▸ Your objective: Please keep the images out and set down the data exactly as given.

▸ Data shown:
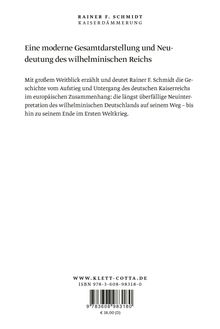 Das wilhelminische Kaiserreich steht bis heute in keinem guten Ruf. Kryptoabsolutismus, Sonderweg und Weltmachtstreben - so lauten die Etiketten, die ihm angeklebt werden. Ein irrlichternder Kaiser, unfähige Kanzler, Welt- und Flottenpolitik nach außen und die zähe Verteidigung der Vorherrschaft der alten Eliten im Innern: All das führte auf den Weg, der im Ersten Weltkrieg endete und den eigenen Untergang besiegelte. Rainer Schmidts glänzend geschriebene Darstellung bietet eine alternative Sichtweise zu diesem gängigen Bild. Umfassend beschreibt er das wilhelminische Reich in seinen wichtigsten Strukturen, aber auch in seinen modernen Elementen. In einem grandiosen Panorama schildert und deutet der Autor die internationalen Beziehungen zwischen 1890 und 1918 nicht monokausal von Berlin her, sondern bettet sie in den gesamteuropäischen Kontext ein. Dabei ergibt sich der Befund einer komplexen Gemengelage, die 1914 in den Krieg mündete: eigene Fehleinschätzungen, die Berlin in die Isolation führten, aber auch eine gezielte Einkreisungs- und Erpressungsstrategie der anderen Mächte, womit die große Katastrophe fast unausweichlich wurde. Eine fulminante Gesamtdarstellung und brisante Neuinterpretation einer der umstrittensten Epochen der deutschen Geschichte, über die man lange diskutieren wird.
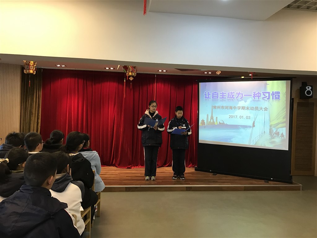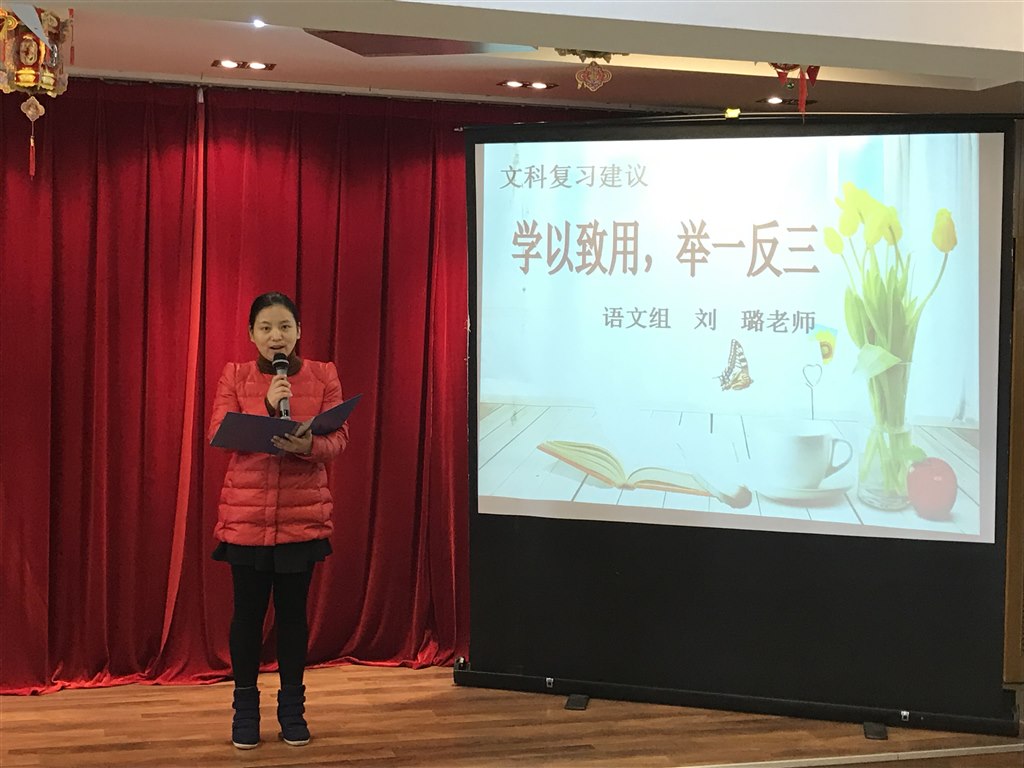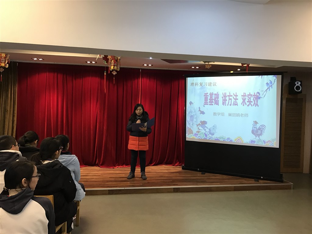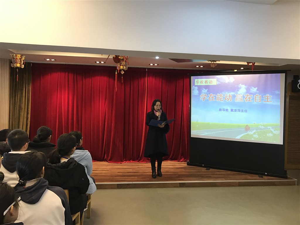 教导处主任戴亚萍代表学校寄语全体学生:学在能动,赢在自主。把握复习中质与量的关系、学与思的关系、正确与错误的关系、文理交替的关系,要构建体系,强化记忆,注重技巧。
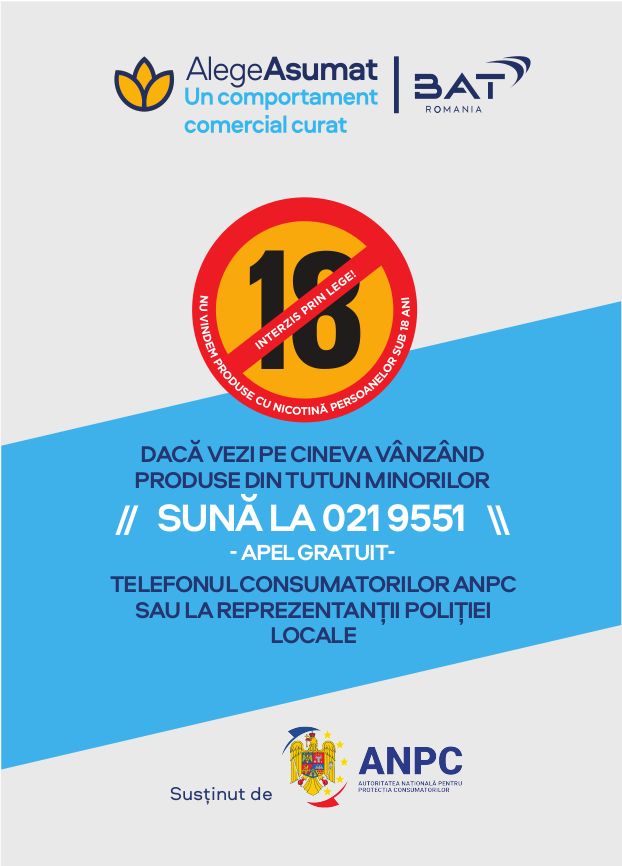 BAT în parteneriat cu Autoritatea Națională pentru Protecția Consumatorilor (ANPC) lansează campania anuală Alege Asumat un Comportament Comercial Curat, un proiect de informare și conștientizare publică cu privire la importanța cunoașterii și respectării legislației pentru prevenirea accesului minorilor la produse din tutun și nicotină. Anul acesta, campania continuă cu mesaje de conștientizare privind toleranța zero față de comercializarea produselor cu nicotină către minori, în circa 32.000 de magazine partenere din România.

▸ Answer to the exercise:
 Das wilhelminische Kaiserreich steht bis heute in keinem guten Ruf. Kryptoabsolutismus, Sonderweg und Weltmachtstreben - so lauten die Etiketten, die ihm angeklebt werden. Ein irrlichternder Kaiser, unfähige Kanzler, Welt- und Flottenpolitik nach außen und die zähe Verteidigung der Vorherrschaft der alten Eliten im Innern: All das führte auf den Weg, der im Ersten Weltkrieg endete und den eigenen Untergang besiegelte. Rainer Schmidts glänzend geschriebene Darstellung bietet eine alternative Sichtweise zu diesem gängigen Bild. Umfassend beschreibt er das wilhelminische Reich in seinen wichtigsten Strukturen, aber auch in seinen modernen Elementen. In einem grandiosen Panorama schildert und deutet der Autor die internationalen Beziehungen zwischen 1890 und 1918 nicht monokausal von Berlin her, sondern bettet sie in den gesamteuropäischen Kontext ein. Dabei ergibt sich der Befund einer komplexen Gemengelage, die 1914 in den Krieg mündete: eigene Fehleinschätzungen, die Berlin in die Isolation führten, aber auch eine gezielte Einkreisungs- und Erpressungsstrategie der anderen Mächte, womit die große Katastrophe fast unausweichlich wurde. Eine fulminante Gesamtdarstellung und brisante Neuinterpretation einer der umstrittensten Epochen der deutschen Geschichte, über die man lange diskutieren wird.
 教导处主任戴亚萍代表学校寄语全体学生:学在能动,赢在自主。把握复习中质与量的关系、学与思的关系、正确与错误的关系、文理交替的关系,要构建体系,强化记忆,注重技巧。
 BAT în parteneriat cu Autoritatea Națională pentru Protecția Consumatorilor (ANPC) lansează campania anuală Alege Asumat un Comportament Comercial Curat, un proiect de informare și conștientizare publică cu privire la importanța cunoașterii și respectării legislației pentru prevenirea accesului minorilor la produse din tutun și nicotină. Anul acesta, campania continuă cu mesaje de conștientizare privind toleranța zero față de comercializarea produselor cu nicotină către minori, în circa 32.000 de magazine partenere din România.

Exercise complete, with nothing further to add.